Oh to be tall, thin, and beautiful and yes, white. For some reason, this is what our society sees as most beautiful. Don’t take my word for it. Just check out your closest clothing ad. Now, there are more minority models these days. But let’s be real, minority models are still a novelty and are few and far between. It’s not often you see a kinky haired, dark skinned, uber ethnic black woman. And when you do, she’ll definitely stand out. Actually, you don’t see that a lot in everyday life, either.

    Could it be art’s just imitating life? I’ve noticed something interesting over the past few years. Before I tell you what that something is, you should know this fun fact. I used to relax my hair. Meaning, I used to use these chemicals that permanently straighten my curls. The year 2009, I cut off all my relaxed hair and made the adamant choice to embrace the “natural me.” That’s right folks, I went natural. Ever since, I’ve been a prevalent part of the natural community. The first year or so, I was one of few. I would sometimes get stares from people that didn’t get why I’d leave the house “like that” and other times I’d get compliments from women that respected my being so “brave”. Yes, brave. 
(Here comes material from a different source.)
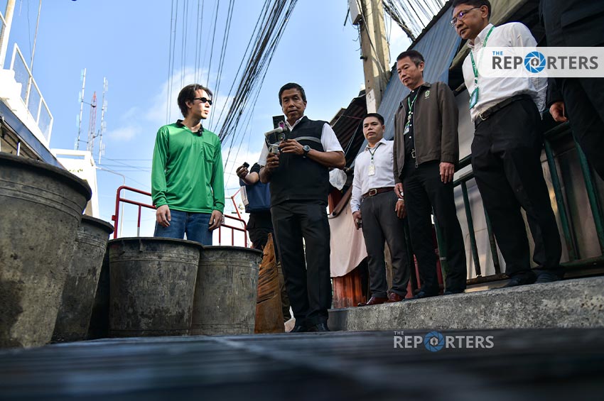 นายชัชชาติ สิทธิพันธ์ุ ผู้ว่าราชการกรุงเทพมหานคร ลงพื้นที่ติดตามการปฏิบัติงานลอกท่อระบายน้ำ เพื่อปราบไขมันอุดตันป้องกันน้ำท่วม ของสำนักการระบายน้ำกรุงเทพมหานคร หน้าตลาดพลู เขตธนบุรี กรุงเทพมหานคร

         See, that’s where I have a problem. I hate that me wearing my hair the way it comes out of my head is seen as such a bold and daring fashion statement. But at the same time, I love that more women are doing it, and I understand a lot of American’s aren’t used to seeing black women with their natural hair. So it stands out. And that’s fine. But, I can’t wait for the day when my hair isn’t seen as a fashion statement. There are so many different kinds of beauty. I think minorities have trouble sometimes accepting this. When you see a certain sort of beauty being pushed in the media, say blonde hair or a tiny frame, whether you want it or not, that image gets ingrained in your brain. Women that know they can’t achieve this look of beauty may feel insecure. I get that. And if you have something that’s the pure opposite of that representation of beauty, say kinky, curly, dark hair, it takes a bit of moxie to go against the grain and embrace your uniqueness as beautiful. I don’t believe there’s just one kind of beauty. Model’s do not represent all women, but only a fraction. An eensy-weensy tiny little fraction. Like, so small. Ok, you get it.